Верзила с явным облегчением покачал головой.

– Сразу надо было сказать! Мы в одной лодке.

– Минуту назад ты собирался нас прикончить!

– Ну, не мог же я наследить, оставив двух свидетелей. Теперь я знаю, что вы на нас не настучите. Эта вилла – база для отправки беженцев морем. В бухту за ними приходят корабли.

– Куда их везут?

– Куда они хотят, ясное дело! Исламские страны, Америка, Азия, Австралия… Зависит от них. Особенно от их финансовых возможностей.

– Те, что отправляются сегодня ночью, куда едут?

– Можно мне опустить руки?

Стеф в знак согласия мотнула головой.

– Это усамы, – продолжал верзила, растирая плечо. – Они хотели попасть в Турцию, но денег у них не хватило, и их высадят в Албании. Там они попробуют найти другую базу для отправки в Турцию. Хотя можно было бы и не суетиться: они метеки, и среди других метеков сойдут за своих.

Он расхохотался, довольный своей шуткой.

– Сколько за Албанию? – спросила Стеф.

От изумления верзила вытаращил глаза и сморщил лоб.

– Что вы забыли в Албании? Там же давнее гнездо усамов. Настоящая навозная куча.

– Сколько?

– Ну, не знаю. Что-нибудь порядка трех тысяч евро. С человека, ясное дело.

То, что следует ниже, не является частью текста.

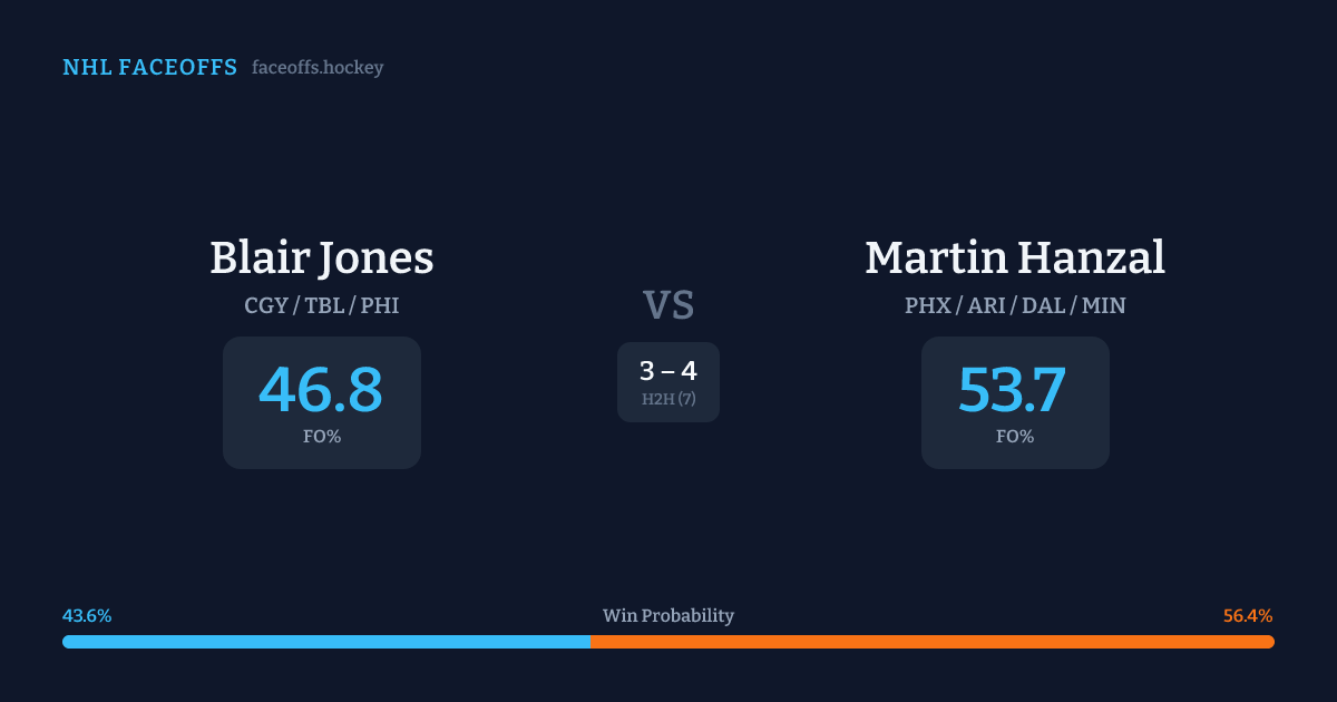 Blair Jones vs Martin Hanzal — Faceoff Head-to-Head

Сумма ошеломила Пиба. Он не считал, сколько забрал из кассы магазина готового платья, но денег требовалось явно больше. И потом, их собеседник прав: на кой черт им соваться в это осиное гнездо, Албанию? Он смутно помнил, что Европа аннексировала эту исламскую страну как раз перед войной. В качестве оправдания выдвинули военную безопасность. Та же история с Боснией и другими мусульманскими регионами Европы. Жителей не стали обращать в христианскую веру: их попросту истребили, имущество и землю конфисковали. На уроках истории открыто говорили о пакте ХОЕТ, христианском освоении европейских территорий. Пиб и его приятели пускали девчонкам пыль в глаза, выдумывая шуточки типа маньяк – бошняк, аллахсранец – албанец.

– А если я дам пять тысяч за нас обоих?

Верзила сделал вид, будто напряженно размышляет, но вспыхнувшие глаза показали, что он почуял выгодную сделку.

– Ну… не знаю, хватит ли пищи и воды на всех на этом корабле. И потом, я тут не один решаю. Мне надо переговорить с ребятами. Идите за мной.

Он повернулся на каблуках и пошел к вилле, двигаясь с видимой непринужденностью. Но можно было догадаться, как перекатываются мускулы спины под его курткой. Пиб выждал, пока он не отошел на несколько метров, и обернулся к Стеф:

– Откуда ты пять тысяч евро возьмешь?

– Я прошлась по всем магазинам отравленного города с моими монгольскими друзьями. Настоящая охота за деньгами.

– Почему ты мне не сказала?

– Ты никогда меня не спрашивал.

– Зачем нам тащиться в Албанию?

Стеф задрала подол и сунула пистолет за резинку чулка. Даже беглого взгляда на ляжки и бедра хватило, чтобы Пиб ощутил острое желание, поднимавшееся из нижней части живота.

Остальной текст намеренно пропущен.